The input:
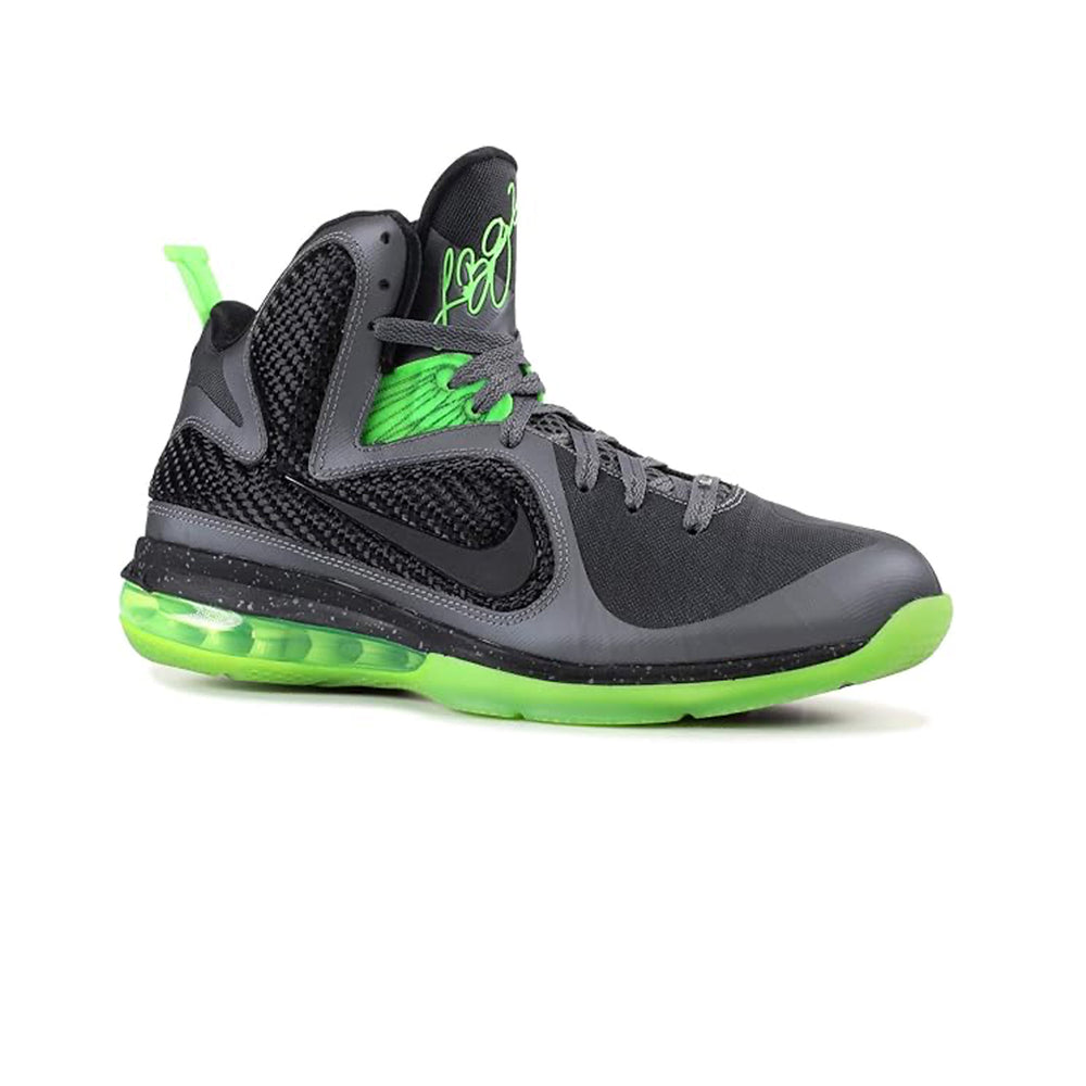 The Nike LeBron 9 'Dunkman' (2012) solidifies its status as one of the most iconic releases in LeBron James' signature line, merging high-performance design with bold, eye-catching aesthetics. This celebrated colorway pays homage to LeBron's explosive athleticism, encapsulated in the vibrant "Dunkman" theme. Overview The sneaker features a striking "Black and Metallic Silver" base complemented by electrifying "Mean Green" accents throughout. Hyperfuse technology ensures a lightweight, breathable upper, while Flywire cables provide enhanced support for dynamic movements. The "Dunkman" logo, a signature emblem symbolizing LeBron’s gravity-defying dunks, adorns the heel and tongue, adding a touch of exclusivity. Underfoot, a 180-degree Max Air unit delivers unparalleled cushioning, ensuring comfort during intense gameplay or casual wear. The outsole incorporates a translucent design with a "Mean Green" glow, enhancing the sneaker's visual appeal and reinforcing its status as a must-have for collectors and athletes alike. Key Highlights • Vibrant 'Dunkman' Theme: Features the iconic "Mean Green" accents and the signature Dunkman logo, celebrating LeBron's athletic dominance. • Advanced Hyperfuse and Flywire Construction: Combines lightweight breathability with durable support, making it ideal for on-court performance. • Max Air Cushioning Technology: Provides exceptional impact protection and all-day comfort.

==

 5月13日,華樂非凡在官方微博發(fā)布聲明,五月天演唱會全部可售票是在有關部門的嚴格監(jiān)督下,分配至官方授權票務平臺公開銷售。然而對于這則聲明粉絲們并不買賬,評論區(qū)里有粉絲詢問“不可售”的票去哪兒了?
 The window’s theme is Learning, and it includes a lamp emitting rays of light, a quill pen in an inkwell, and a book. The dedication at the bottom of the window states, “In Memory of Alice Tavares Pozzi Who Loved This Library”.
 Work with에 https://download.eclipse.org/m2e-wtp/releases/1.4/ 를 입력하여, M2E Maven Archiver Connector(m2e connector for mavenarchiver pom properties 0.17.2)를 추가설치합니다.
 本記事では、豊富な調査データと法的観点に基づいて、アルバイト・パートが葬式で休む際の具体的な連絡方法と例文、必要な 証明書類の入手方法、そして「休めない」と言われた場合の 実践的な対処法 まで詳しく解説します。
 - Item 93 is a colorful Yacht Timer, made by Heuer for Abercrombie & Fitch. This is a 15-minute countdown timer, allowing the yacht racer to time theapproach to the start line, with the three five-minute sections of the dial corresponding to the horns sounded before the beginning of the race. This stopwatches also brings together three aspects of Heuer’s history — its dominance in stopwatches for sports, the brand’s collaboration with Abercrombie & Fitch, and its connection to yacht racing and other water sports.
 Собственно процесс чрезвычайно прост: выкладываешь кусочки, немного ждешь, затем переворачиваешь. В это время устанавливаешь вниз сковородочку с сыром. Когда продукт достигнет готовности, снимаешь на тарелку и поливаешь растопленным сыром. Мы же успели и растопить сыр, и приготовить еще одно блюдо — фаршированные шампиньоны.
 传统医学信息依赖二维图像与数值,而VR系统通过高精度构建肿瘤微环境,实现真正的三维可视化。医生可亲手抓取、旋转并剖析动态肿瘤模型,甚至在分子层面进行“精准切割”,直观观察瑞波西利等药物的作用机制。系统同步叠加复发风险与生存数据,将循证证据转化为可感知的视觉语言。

--

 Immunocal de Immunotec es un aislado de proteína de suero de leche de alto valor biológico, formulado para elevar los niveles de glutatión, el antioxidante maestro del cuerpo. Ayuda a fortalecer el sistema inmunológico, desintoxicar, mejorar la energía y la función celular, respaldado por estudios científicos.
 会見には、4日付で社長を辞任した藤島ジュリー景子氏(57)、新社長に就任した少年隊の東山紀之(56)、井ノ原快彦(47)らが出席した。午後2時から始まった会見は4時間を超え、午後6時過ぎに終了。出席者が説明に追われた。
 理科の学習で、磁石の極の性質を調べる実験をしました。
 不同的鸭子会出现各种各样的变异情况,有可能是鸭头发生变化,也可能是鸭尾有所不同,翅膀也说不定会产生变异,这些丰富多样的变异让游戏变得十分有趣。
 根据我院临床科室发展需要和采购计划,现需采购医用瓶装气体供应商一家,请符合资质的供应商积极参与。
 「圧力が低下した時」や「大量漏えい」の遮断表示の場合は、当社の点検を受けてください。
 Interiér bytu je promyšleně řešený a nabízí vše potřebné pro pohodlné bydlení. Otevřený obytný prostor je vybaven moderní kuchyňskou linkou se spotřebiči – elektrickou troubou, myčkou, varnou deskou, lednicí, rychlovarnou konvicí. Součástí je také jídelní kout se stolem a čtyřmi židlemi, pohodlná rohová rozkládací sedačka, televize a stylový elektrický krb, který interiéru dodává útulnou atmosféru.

Exercise requirements:
Using the entries above, return exactly the lines from the line with "会見には、4日付で社長を辞任" to the line with "Interiér bytu je", counting both of those lines.

Answer box:
 会見には、4日付で社長を辞任した藤島ジュリー景子氏(57)、新社長に就任した少年隊の東山紀之(56)、井ノ原快彦(47)らが出席した。午後2時から始まった会見は4時間を超え、午後6時過ぎに終了。出席者が説明に追われた。
 理科の学習で、磁石の極の性質を調べる実験をしました。
 不同的鸭子会出现各种各样的变异情况,有可能是鸭头发生变化,也可能是鸭尾有所不同,翅膀也说不定会产生变异,这些丰富多样的变异让游戏变得十分有趣。
 根据我院临床科室发展需要和采购计划,现需采购医用瓶装气体供应商一家,请符合资质的供应商积极参与。
 「圧力が低下した時」や「大量漏えい」の遮断表示の場合は、当社の点検を受けてください。
 Interiér bytu je promyšleně řešený a nabízí vše potřebné pro pohodlné bydlení. Otevřený obytný prostor je vybaven moderní kuchyňskou linkou se spotřebiči – elektrickou troubou, myčkou, varnou deskou, lednicí, rychlovarnou konvicí. Součástí je také jídelní kout se stolem a čtyřmi židlemi, pohodlná rohová rozkládací sedačka, televize a stylový elektrický krb, který interiéru dodává útulnou atmosféru.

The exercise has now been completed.